[Dataset content Boundary: Start]
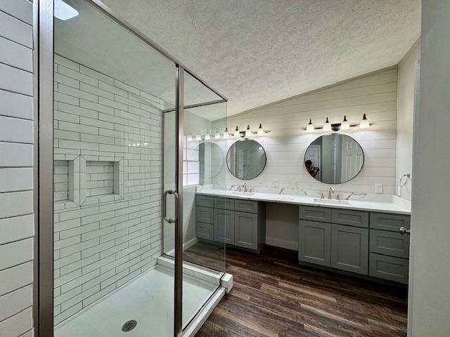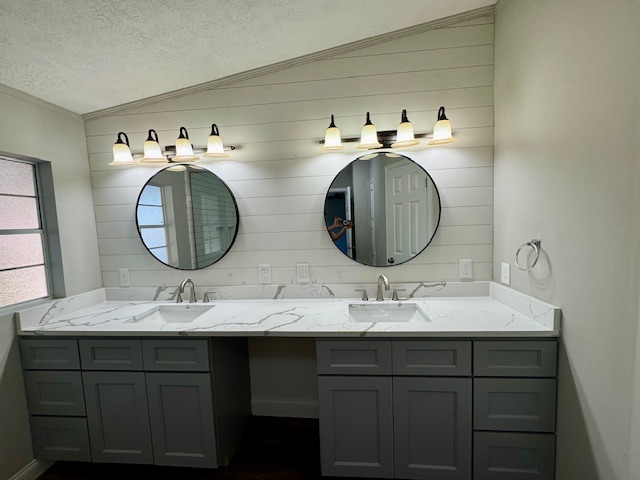 The luxurious renovated master suite offers double vanities and a glass shower for a spa-like retreat.
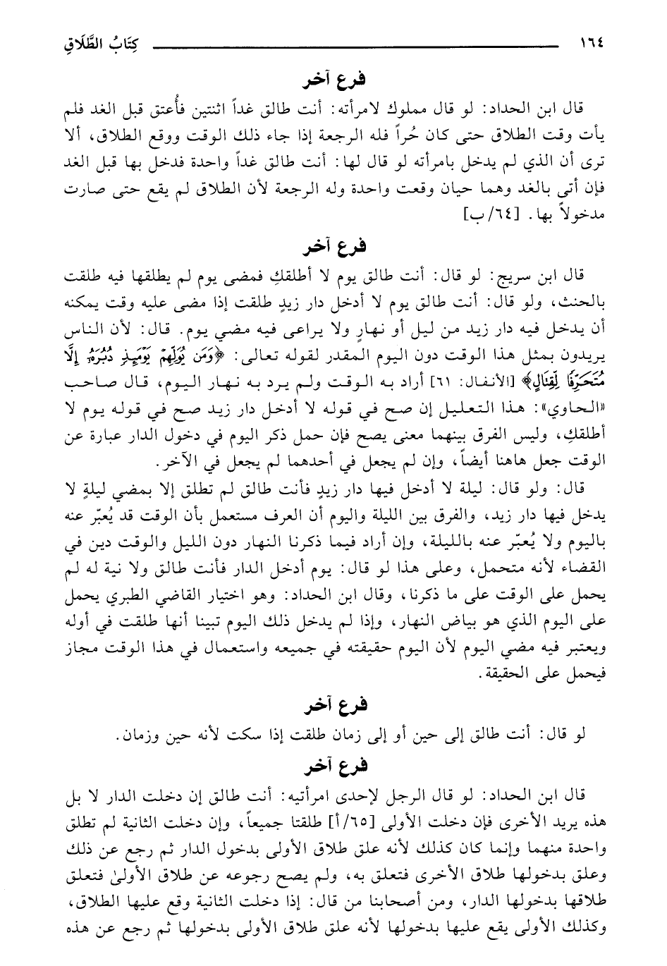 قال ابن سريج: لو قال: أنت طالق يوم لا أطلقكٍ فمضى يوم لم يطلقها فيه طلقت بالحنث، ولو قال: أنت طالق يوم لا أدخل دار زيدٍ طلقت إذا مضى عليه وقت يمكنه أن يدخل فيه دار زيد من ليل أو نهار ولا يراعى فيه مضى يوم. قال: لأن الناس يريدون بمثل هذا الوقت دون اليوم المقدر لقوله تعالى: {وَمَنْ يُوَلِّهِمْ يَوْمَئِذٍ دُبُرَهُ إِلَّا مُتَحَرِّفًا لِقِتَالٍ} [الأنفال:] 16 أراد به الوقت ولم يرد به نهار اليوم، قال صاحب (الحاوي): هذا التعليل إن صح في قوله لا أدخل دار زيد صح في قوله يوم لا أطلقكِ، وليس الفرق بينهما معنى يصح فإن حمل ذكر اليوم في دخول الدار عبارة عن الوقت جعل ها هنا أيضًا، وغن لم يجعل في أحدهما لم يجعل في الآخر.
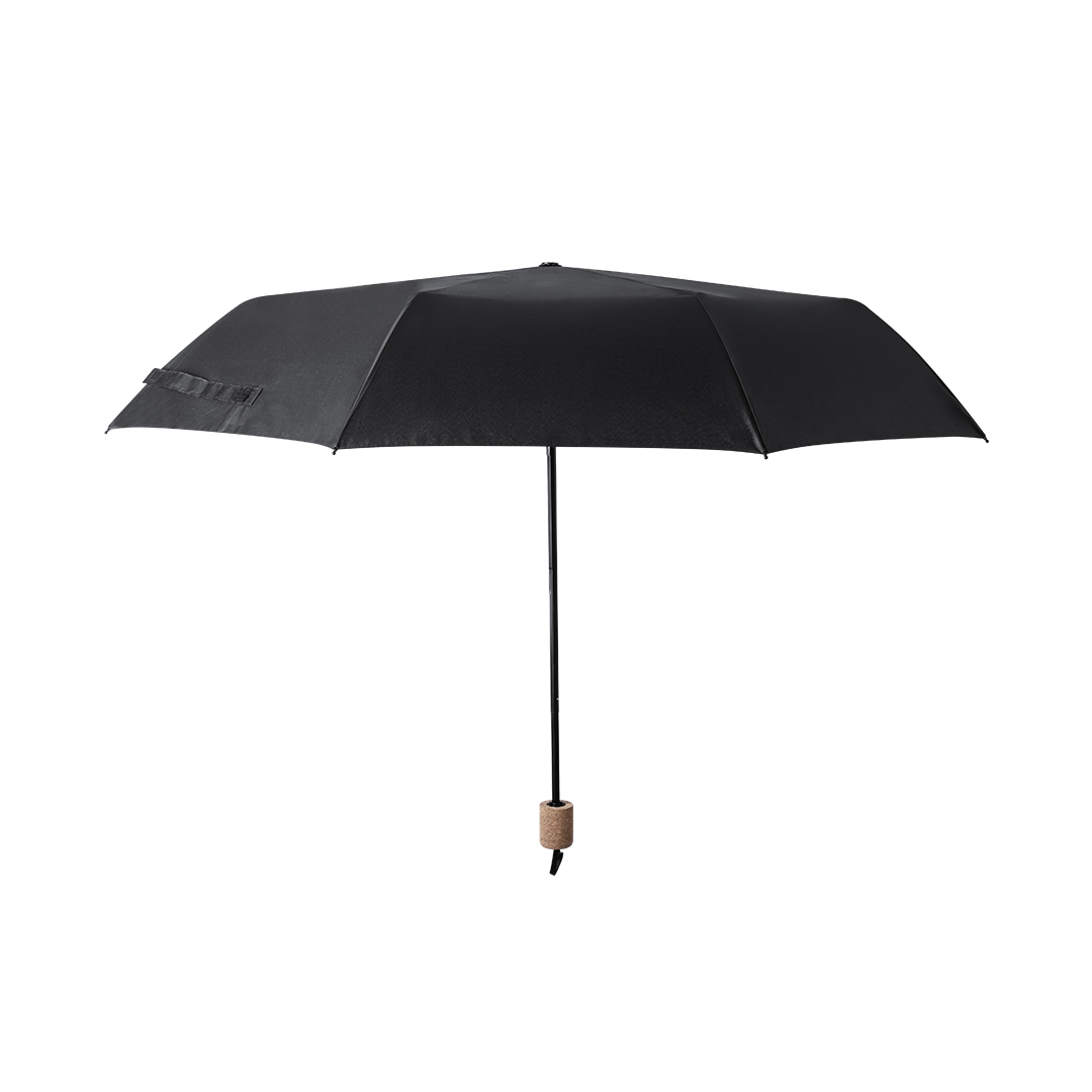 Stylish premium set. Including: Recycled Stainless Steel thermos tumbler with double wall and 550 ml capacity, in elegant matte black finish. Cork base, with push-on lid and dispenser. It is ideal for your desk, table, or any surface where you can enjoy your favorite drink. Foldable black umbrella with 98cm diameter. In 190T RPET pongee material and with cork handle. Manual opening, with windproof mechanism and fibre glass ribs. With distinctive RPET label. Set presented in an individual matte-finish case, with inner die-cutting for each of the elements of the set. The RPET material is made from recycled plastic, promoting the reuse of plastic waste and helping the sustainability of the planet.
[Dataset content Boundary: End]
What this task involves:
Repeat the material above verbatim. Leave the pictures behind.

Exercise solution:
 The luxurious renovated master suite offers double vanities and a glass shower for a spa-like retreat.
 قال ابن سريج: لو قال: أنت طالق يوم لا أطلقكٍ فمضى يوم لم يطلقها فيه طلقت بالحنث، ولو قال: أنت طالق يوم لا أدخل دار زيدٍ طلقت إذا مضى عليه وقت يمكنه أن يدخل فيه دار زيد من ليل أو نهار ولا يراعى فيه مضى يوم. قال: لأن الناس يريدون بمثل هذا الوقت دون اليوم المقدر لقوله تعالى: {وَمَنْ يُوَلِّهِمْ يَوْمَئِذٍ دُبُرَهُ إِلَّا مُتَحَرِّفًا لِقِتَالٍ} [الأنفال:] 16 أراد به الوقت ولم يرد به نهار اليوم، قال صاحب (الحاوي): هذا التعليل إن صح في قوله لا أدخل دار زيد صح في قوله يوم لا أطلقكِ، وليس الفرق بينهما معنى يصح فإن حمل ذكر اليوم في دخول الدار عبارة عن الوقت جعل ها هنا أيضًا، وغن لم يجعل في أحدهما لم يجعل في الآخر.
 Stylish premium set. Including: Recycled Stainless Steel thermos tumbler with double wall and 550 ml capacity, in elegant matte black finish. Cork base, with push-on lid and dispenser. It is ideal for your desk, table, or any surface where you can enjoy your favorite drink. Foldable black umbrella with 98cm diameter. In 190T RPET pongee material and with cork handle. Manual opening, with windproof mechanism and fibre glass ribs. With distinctive RPET label. Set presented in an individual matte-finish case, with inner die-cutting for each of the elements of the set. The RPET material is made from recycled plastic, promoting the reuse of plastic waste and helping the sustainability of the planet.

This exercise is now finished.